Dual Inhibitors of KRASG12D and HSP90 are Effective Against KRASG12D Inhibitor Resistance

Abstract KRASG12D is a common oncogenic driver mutation in diverse cancers, including non-small cell lung cancer, colorectal cancer, and pancreatic cancer. KRASG12D inhibitors have recently progressed into clinical trials but will likely face innate or acquired drug resistance similar to that which has been observed for KRASG12C inhibitors, such as activation of receptor tyrosine kinases, KRAS-independence, and reactivation of RAS-MAPK signaling.

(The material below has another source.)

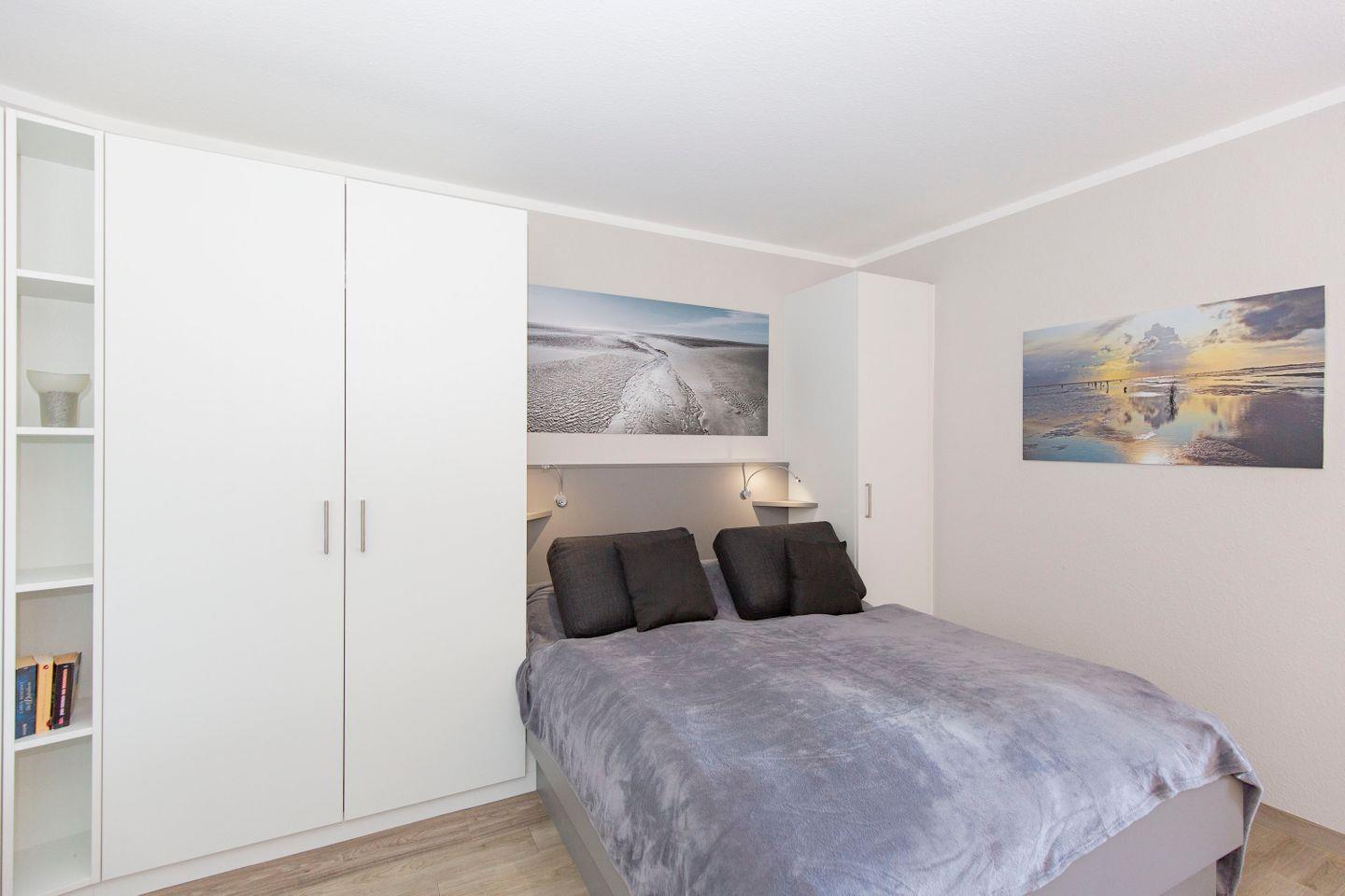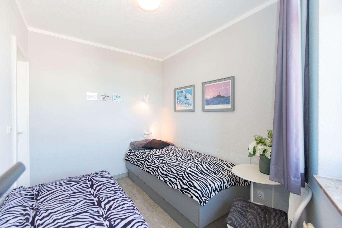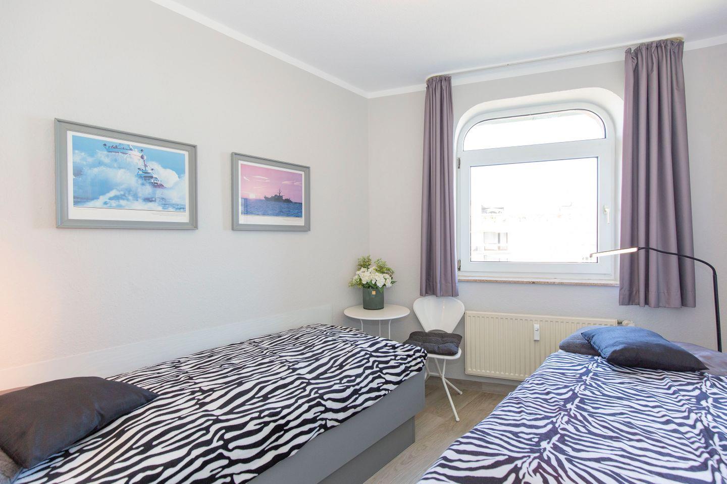 Haus "Trafalgar", Typ C, Appartement-Nr. 325, bis 4 Personen, 3.Etage, ca. 55 qm, Westseite (Meerblick), Wohn/Schlafraum mit Doppelbett, separates Schlafzimmer mit 2 Einzelbetten, Küchenzeile mit Mikrowelle, 4-Platten-Ceranfeld, Geschirrspüler, Dusche/WC, Balkon, Kabel-TV, WLAN im App., Tiefgaragenstellplatz, Nichtraucherappartement, keine Haustiere erlaubt, Strandkorb im Sommer 2026.
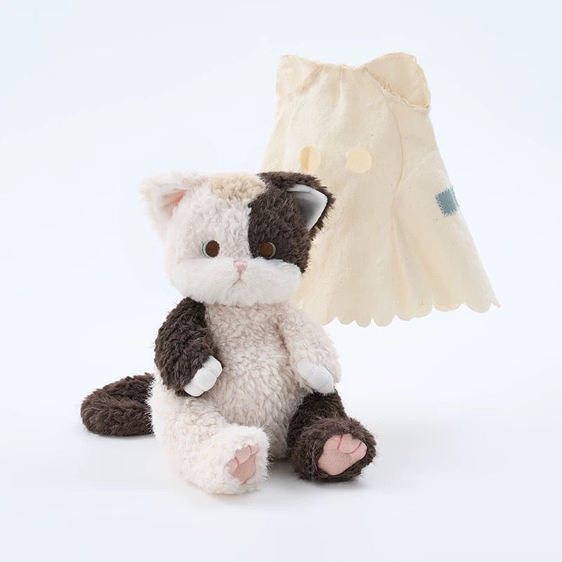 The "Ghost Cat" is inspired by those tender, introverted souls who observe the world from the shadows. Curious yet cautious, it hides under its little cloth hood, believing that even within its safe space, it can explore life quietly and bravely.

This study investigates heterobifunctional small molecule dual inhibitors that simultaneously target both KRASG12D and protein chaperone HSP90 in KRASG12D-mutated cancer cell lines and patient-derived organoids. Our findings reveal that the efficacy of the clinical-stage KRASG12D inhibitor MRTX1133 varies, with notable resistance being observed in some cell line and organoid models. In contrast, KRASG12D-HSP90 dual inhibitors were found to broadly display superior effectiveness in inducing apoptosis, reducing cell viability, and suppressing key downstream signaling pathways such as AKT and ERK1/2 in MRTX1133-resistant models. The rationale for targeting HSP90, which is preferentially activated in cancer cells, alongside KRASG12D, arises from the ability of HSP90 inhibition to destabilize substrate client proteins that are essential for cancer cell survival and have also been implicated in resistance to KRAS inhibitors. This dual inhibitor approach presents a promising new strategy to combat de novo and acquired drug resistance in KRASG12D-mutated cancers and potentially paves the way for improved clinical outcomes by addressing the complex molecular mechanisms underlying cancer cell evolution that enables resistance to conventional inhibitors.